* _DATA SEGMENT_
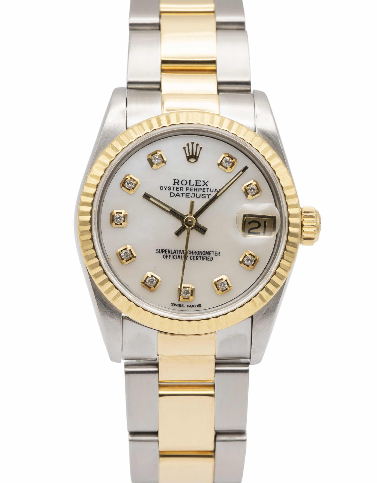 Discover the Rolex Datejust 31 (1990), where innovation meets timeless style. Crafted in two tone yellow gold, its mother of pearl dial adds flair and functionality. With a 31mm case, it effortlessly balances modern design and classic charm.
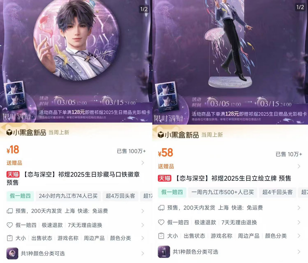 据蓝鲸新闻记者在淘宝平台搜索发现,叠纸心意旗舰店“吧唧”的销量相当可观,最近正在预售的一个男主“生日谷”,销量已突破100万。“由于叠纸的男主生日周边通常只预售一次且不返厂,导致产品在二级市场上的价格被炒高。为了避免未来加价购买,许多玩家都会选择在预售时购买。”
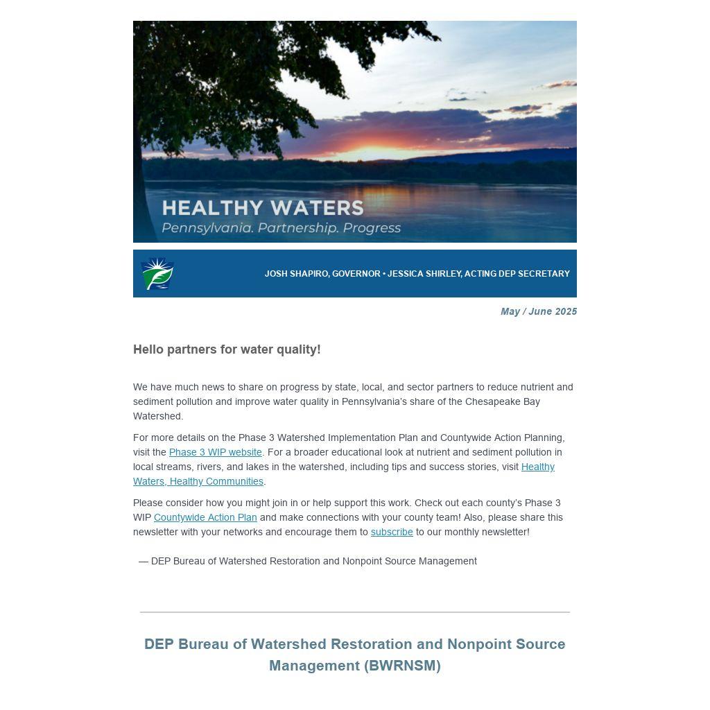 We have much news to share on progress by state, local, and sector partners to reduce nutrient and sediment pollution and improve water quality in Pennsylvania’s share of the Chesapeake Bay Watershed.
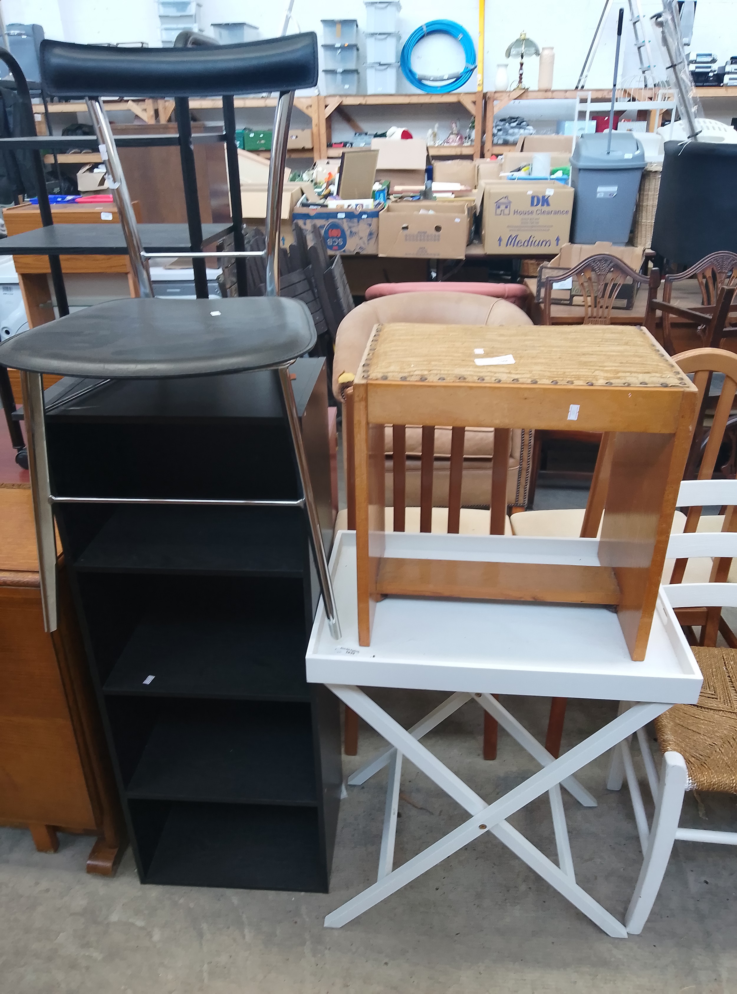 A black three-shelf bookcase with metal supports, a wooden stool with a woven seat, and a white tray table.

* _TASK STATEMENT_
When you retype the material above, keep every word exact and drop the images.

* _COMPLETED TASK_
 Discover the Rolex Datejust 31 (1990), where innovation meets timeless style. Crafted in two tone yellow gold, its mother of pearl dial adds flair and functionality. With a 31mm case, it effortlessly balances modern design and classic charm.
 据蓝鲸新闻记者在淘宝平台搜索发现,叠纸心意旗舰店“吧唧”的销量相当可观,最近正在预售的一个男主“生日谷”,销量已突破100万。“由于叠纸的男主生日周边通常只预售一次且不返厂,导致产品在二级市场上的价格被炒高。为了避免未来加价购买,许多玩家都会选择在预售时购买。”
 We have much news to share on progress by state, local, and sector partners to reduce nutrient and sediment pollution and improve water quality in Pennsylvania’s share of the Chesapeake Bay Watershed.
 A black three-shelf bookcase with metal supports, a wooden stool with a woven seat, and a white tray table.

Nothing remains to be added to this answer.